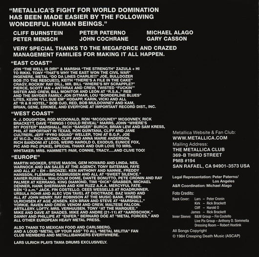 | 2 | Ride The Lightning | 6:36 |
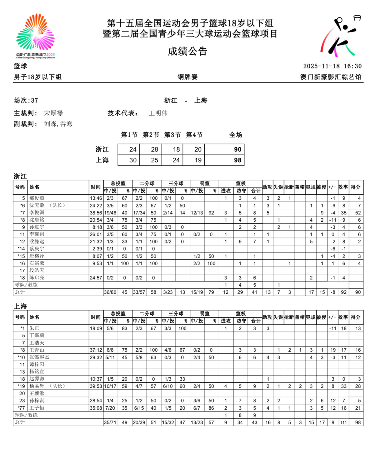上海U18战胜浙江拿到本届赛事的季军,队长杨易轩砍下28+9,不过对面有个更狠的,李悦洲52分!
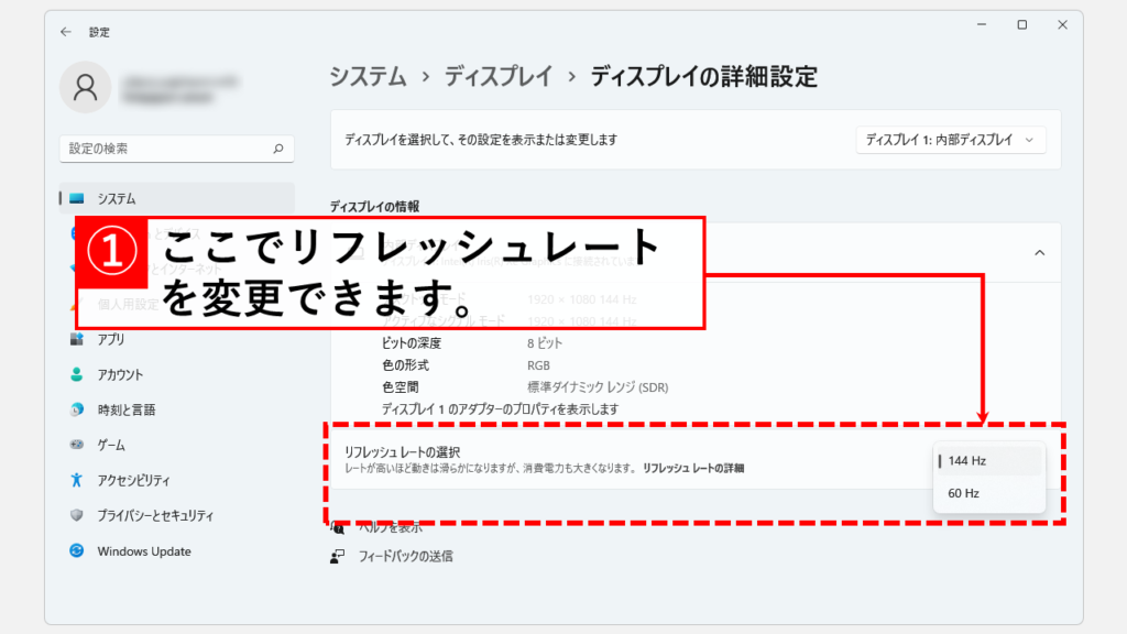 在該屏幕上,有一個標記為“選擇刷新率”的項目。在該項目的右側從下拉菜單中選擇刷新率請。
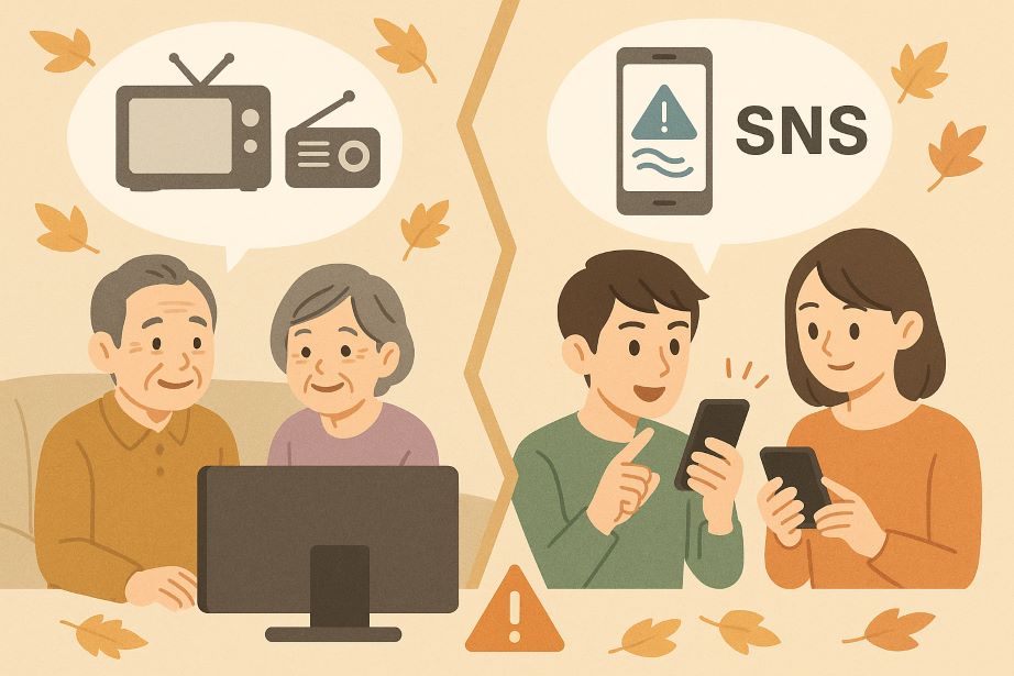 災害時にはテレビやラジオを主な情報源とするケースが多く、スマートフォンやSNSで即座に情報を得る若年層と比べて遅れが生じやすい。
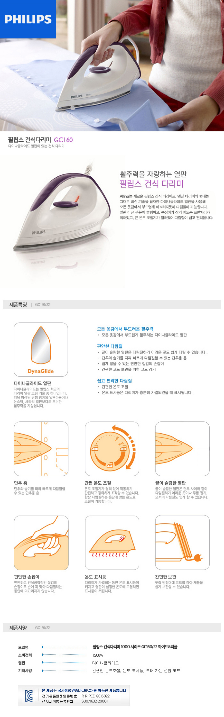 | 품명 및 모델명 | [필립스]건식 다리미 GC160/22 | KC 인증정보 | SU071632-20001, R-R-PCE-GC16022 |
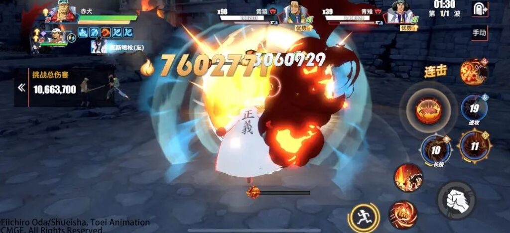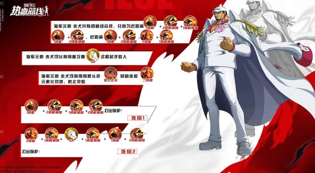 海军元帅 赤犬包含多种组合技,在PVE中,组合技形式包括三种:

◇ ◇ ◇ ◇ ◇

Your copy should match the entries exactly, minus the pictures.

 | 2 | Ride The Lightning | 6:36 |
上海U18战胜浙江拿到本届赛事的季军,队长杨易轩砍下28+9,不过对面有个更狠的,李悦洲52分!
 在該屏幕上,有一個標記為“選擇刷新率”的項目。在該項目的右側從下拉菜單中選擇刷新率請。
 災害時にはテレビやラジオを主な情報源とするケースが多く、スマートフォンやSNSで即座に情報を得る若年層と比べて遅れが生じやすい。
 | 품명 및 모델명 | [필립스]건식 다리미 GC160/22 | KC 인증정보 | SU071632-20001, R-R-PCE-GC16022 |
 海军元帅 赤犬包含多种组合技,在PVE中,组合技形式包括三种:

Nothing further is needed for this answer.